By the numbers: Job postings for "viral marketing" or "viral social media" are up 75% since 2023, according to Indeed data shared with Axios.
What to watch: This could create even more tension between comms and marketing teams.
- As one seeks to map out thoughtful storytelling strategies through long-form corporate podcasts or blogs, the other could feel pressure to opt for the quick high of meme-ified virality.
6. 📸 1 picture to go
Axios partnered with the communications team at Yahoo to host a happy hour for comms folks attending CES.

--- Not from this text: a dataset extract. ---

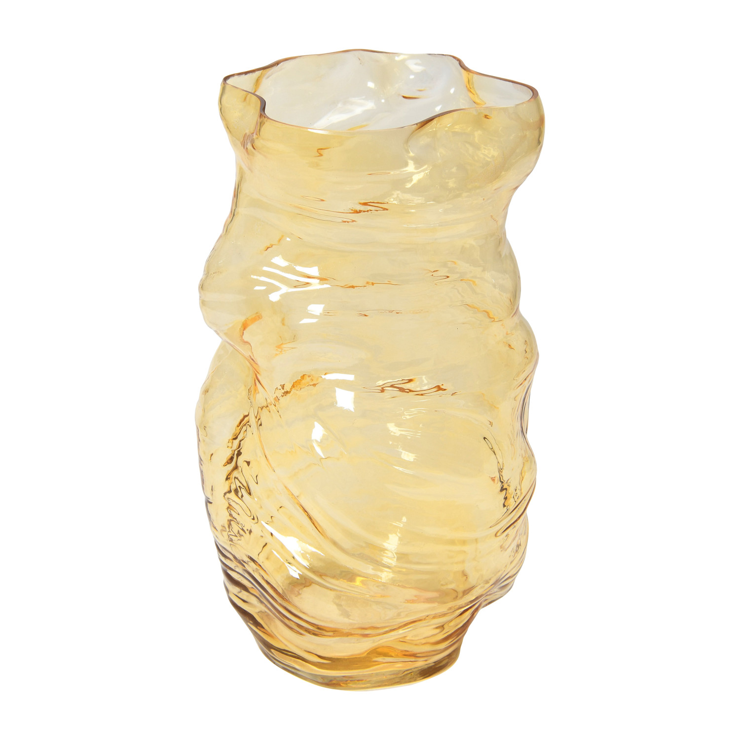 Catalog Name: 7-3/4"L x 7-3/4"W x 13-3/4"H Hand-Blown Glass Organic Shaped Vase, Amber Color

- More than 80 of you showed up, representing companies including Samsung, Snap, Netflix, Roku, IBM, L'Oréal, NBCUniversal, Uber, Prosek Partners, Edelman, and Weber Shandwick.
Sadly, I was home with the flu, but here's what my colleague Axios media reporter Kerry Flynn heard during the party …
- CES is finally back post-COVID — and if you have news, it is still the place to announce it.
- Everyone is trying to tell an AI story, even if they don't have one.
- Figuring out GEO is a priority for communications teams right now, with many saying it's going to take both comms and marketing to truly capitalize on this new search channel.
What they're saying: "This year, communications will no longer be the function that simply explains the story — it will be the team that helps design it," Yahoo chief communications officer Sona Iliffe-Moon said.
- "I can see a future where comms will sit upstream of product, policy, and culture, shaping what gets built before it ever has to be communicated."